Ouderen hebben bij een stijgende leeftijd een grotere kans op frailty (kwetsbaarheid), een toestand van verminderde reservecapaciteit die ontstaat door afname van fysieke, psychologische en sociale capaciteit. Een relatief kleine aandoening of gebeurtenis kan een sterke achteruitgang in functioneren en zorgafhankelijkheid veroorzaken, waardoor ernstige complicaties kunnen ontstaan, zoals valincidenten, ziekenhuisopname en vroegtijdig overlijden. Het is daarom van belang dat (toekomstige) zorgverleners vroegtijdig en adequaat ingrijpen om frailty te voorkomen/verminderen. Dit project is ingebed in het Centre of Expertise Healthy Ageing (speerpunt FRAILTY), het Lectoraat Healthy Ageing, Allied Health Care and Nursing (LAHC) en het SPRONG-onderzoeksprogramma FAITH, welke focust op frailty. Praktijkpartners maken structureel onderdeel uit van FAITH en van het lectoraat. Het onderzoek sluit aan bij bestaande innovatie-/kenniswerkplaatsen waarin onderwijs, onderzoek en praktijk al samenwerken. Op dit moment worden o.a. de behoeften van werkveldpartners geïnventariseerd door een student aan de hand van interviews.

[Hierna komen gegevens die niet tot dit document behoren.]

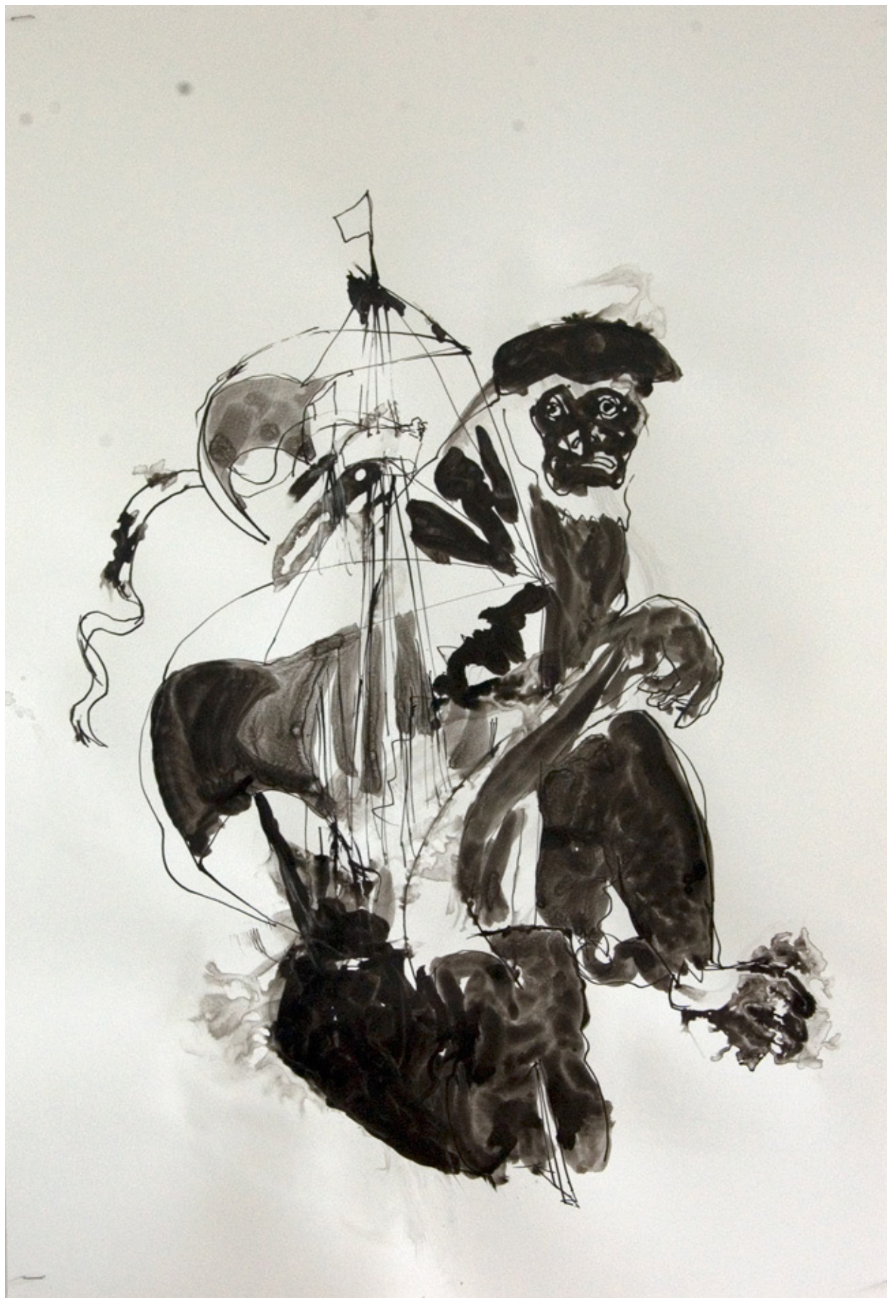
Ship and Monkey, 2018 ink on paper, 70 x 50 cm

Er zijn veel instrumenten voorhanden om de frailty status van een cliënt te bepalen. Echter deze worden in de praktijk vaak niet gebruikt. De (toekomstige) professional beoordeelt frailty soms helemaal niet of alleen globaal op eigen oordeel. Het gevolg hiervan is dat de cliënt niet optimaal behandeld wordt met alle medische en economische (kosten) gevolgen van dien. Het doel van dit project is om: • Het professioneel handelen te versterken door het concept frailty toepasbaar te maken voor de zorgpraktijk en het zorgonderwijs • Toepasbare assessmenttools te ontwikkelen waarmee frailty beoordeeld kan worden en leidend kunnen zijn in de keuze voor interventies en dit te implementeren in het onderwijs • Te analyseren wat de kostenbesparing is voor de gezondheidszorg als de professional het bruikbare meetinstrument of set instrumenten tijdig en optimaal inzet vergeleken met de huidige situatie waarin dit niet gebeurt (zoals boven beschreven). Bedoeling is om de postdoc-positie na 2 jaar te continueren en structureel te maken.